The implications of new regulations arising from the financial crisis continue to trouble banks the world over, according to the Temenos Community Survey. This is one of the key findings of the survey, conducted to understand global banking challenges, investment priorities and industry trends.
Gauging opinion from 190 banking executives across a range of banking sectors in 71 countries, the research confirmed that the impact of regulation remains the biggest challenge facing banks today, with 24% of respondents citing this as their primary concern. This finding is consistent with 2010 results, when 29% of respondents cited this as their biggest challenge and reflects concern over the impact that new regulation, such as Basel III, is likely to have on their businesses.
Other threats have continued to grow in importance among bankers this year. Twenty-three percent of banks cited customer retention as their biggest challenge, up from 17% in 2010, as banks come to appreciate that customers are becoming less loyal, more discerning and have more alternatives than in the past. The challenge of retaining their best customers is felt most by private banks (30%) and larger banks (31%). This concern about customer retention is shared consistently across all markets.
Competition is also increasingly seen as a threat, with 18% of respondents citing it as the biggest threat facing the industry, compared to only 12% in 2010. The biggest perceived threats come from new entrants (mentioned by 30% of respondents), existing large incumbents (19%), overseas entrants (18%) and peer-to-peer services (15%).

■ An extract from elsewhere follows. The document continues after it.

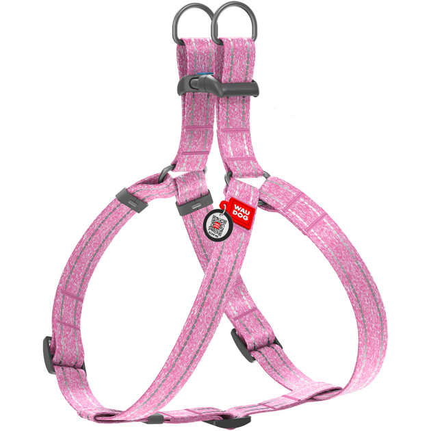 Шлея для собак WAUDOG Re-cotton з QR паспортом, з відновленої бавовни, світловідбивна, 40-55 см 15 мм Рожева (03247)

The results also illustrate how banks’ perception of their biggest challenges is influencing corporate investment priorities. Banks named their top three investment areas as being: new products and services, IT and improving risk management. Looking at IT investment specifically, banks are making available more money, with 64% confirming that budgets were up on the previous year (compared to 53% in 2010), and 26% citing that these were significantly higher. The biggest budget rises were seen in the retail and wholesale segments and Tier 1 and 2 banks and, as in prior years, the biggest areas of focus are: core banking renewal, risk management and business intelligence.
Ben Robinson, director of strategic planning, Temenos, said: “The fact that banks are unsettled by new regulations is not surprising given these are likely to weigh significantly on profitability and that their full effect and scope is still being determined. What is perhaps more interesting is the much greater collective concern about competition and customer retention compared with 12 months ago.
“This research suggests that, in an era of depressed margins, banks are worried about losing their best customers to competitors who can serve them better and their remaining customers to competitors who can service them more cheaply. In response, it is logical that banks should be planning to spend more on core banking software, as this is the most fundamental way for them to lower IT and back office processing costs, while generating the consolidated view of the business that will allow for better risk management and higher revenues,” he added.